Wil's head snapped up. Is this how it begins? "When? How?"
"Less than ten minutes ago. Three bullets in the head.... I'm sending you the details."
"Any evidence who —"
She grimaced, but by now she accepted that what she sent was not immediately part of his memory. "Nothing definite. My security at North Shore has been thin since we switched things around this afternoon. He sneaked out of the Peacer base; not even his own people noticed. It looks like he was trying to board a trans-sea shuttle." The only place that would take him was Town Korolev. "There are no witnesses. In fact, I suspect that no one was on the ground where he was shot. The slugs were dumb exploders, New Mexico five-millimeters." Normally those were pistol-fired, with a max accurate range of thirty meters; who did the killer think he was fooling? "The coincidence is too much to ignore, Brierson. You're right; the enemy must have bugs in my system."
"Yeah." For a second he wasn't listening. He was remembering the North Shore picnic, the withered man that had been Kim Tioulang. He was as tough as anyone Wil had ever met, but his wistfulness about the future had seemed real. The most ancient man in the world... and now he was dead. Why? What had he been trying to tell them? He looked up at Yelén "Since this afternoon, have you noticed anything special with the Peacers? Any evidence of high-tech interference?"
"No.

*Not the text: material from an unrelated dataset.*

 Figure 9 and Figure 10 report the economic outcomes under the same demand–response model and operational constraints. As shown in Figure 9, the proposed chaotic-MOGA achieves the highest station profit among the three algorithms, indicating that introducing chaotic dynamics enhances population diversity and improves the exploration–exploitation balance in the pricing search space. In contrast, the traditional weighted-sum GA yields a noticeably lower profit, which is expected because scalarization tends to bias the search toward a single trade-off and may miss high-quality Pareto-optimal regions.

As I said, I can't watch as closely as before. I talked to Phil Genet about it. He hasn't noticed anything with the Peacers, but he says NM radio traffic has changed during the last few hours. I'm looking into that." She paused. For the first time, he saw fear in her face. "These next few hours we could lose it all, Wil. Everything Marta ever hoped for."

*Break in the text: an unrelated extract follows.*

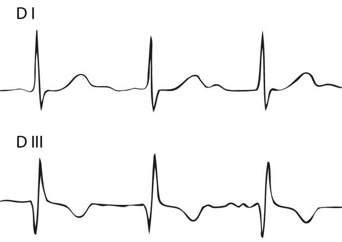 Figura 2 Trazado electrocardiográfico característico de un patrón S1Q3T3 sugerente de hipertensión pulmonar. Se observa onda S en D I, onda Q en D III y onda T negativa en D III.
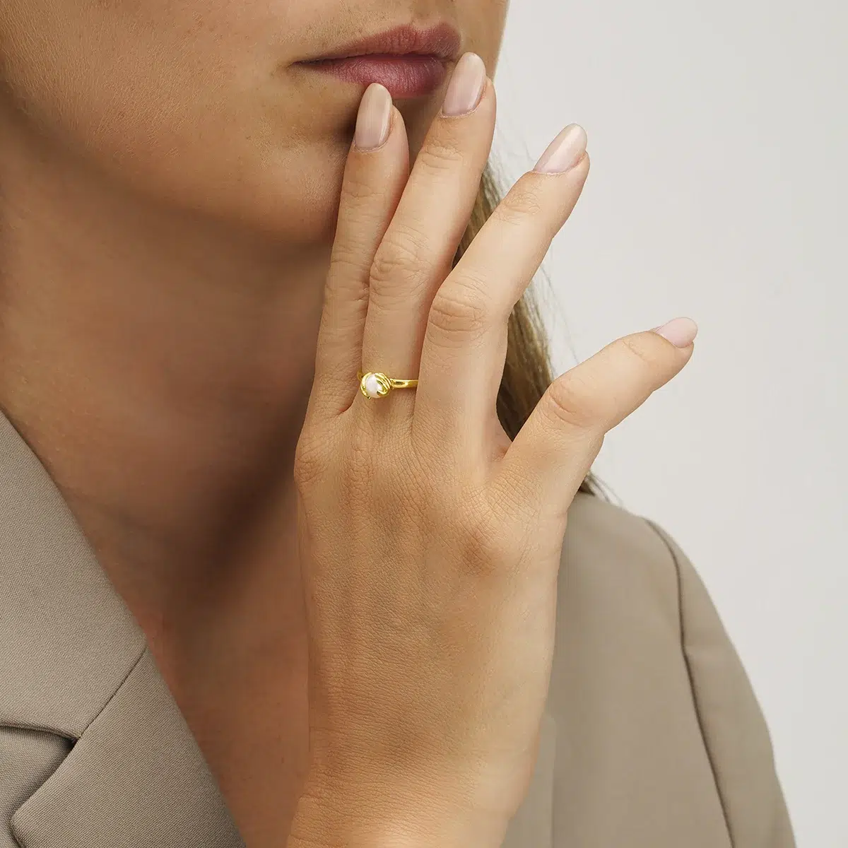 Habillez votre main de deux mains délicates. La bague HÉLICÉ en argent doré, symbolise deux mains graciles enserrant une perle naturelle blanche, incarnation de pureté et de douceur. Un geste plein de poésie et de sens, qui évoque la protection et la tendresse maternelles. Le contraste entre l’éclat doré et la perle blanche sublime cette pièce unique, qui orne la main avec grâce, idéale pour celles qui recherchent un bijou intemporel et lumineux.

"Yes. Or we could nail the enemy cold, and save her plan.... How are things set for tomorrow?"
His question brought back the normal Yelén. "This delay cost us the advantage of surprise, but it also means we're better prepared. Della has an incredible amount of equipment. I knew her expedition to the Dark Companion made money, but I never imagined she could afford all this. Almost all of it will be in position by tomorrow. She'll land by your place at sunup. It's all your show then.
"You're not coming?"
"No. In fact, I'm out of your inner-security zone. My equipment will handle peripheral issues, but... Della and I talked it over. If I-my system-is deeply perverted, the enemy could turn it on you."
"Hmm." He'd been counting on the dual protection; if he'd guessed wrong about one of them, the other would still be there. But if Yelén herself thought she might lose control.. . "Okay. Della seemed in pretty good form this afternoon."
"Yes. I have a theory that under stress the appropriate personality comes to the surface. She's driftiest after she's been by herself for a while. I'm talking to her right now, and she seems okay. With any luck, she'll still be wearing her cop personality tomorrow."
After Yelén signed off, Wil looked at the stuff she was sending over. It grew much faster than he could read it, and there were new developments all the time. Genet vas right about the NMs. They were using a new encryption scheme, one that Yelén couldn't break. That in itself was more of an anachronism than polka-dot paint or antigrav volleyballs. Under other circumstances, she would have raided them for it, and diplomacy be damned.... Now she was stretched so thin that all she could do was watch.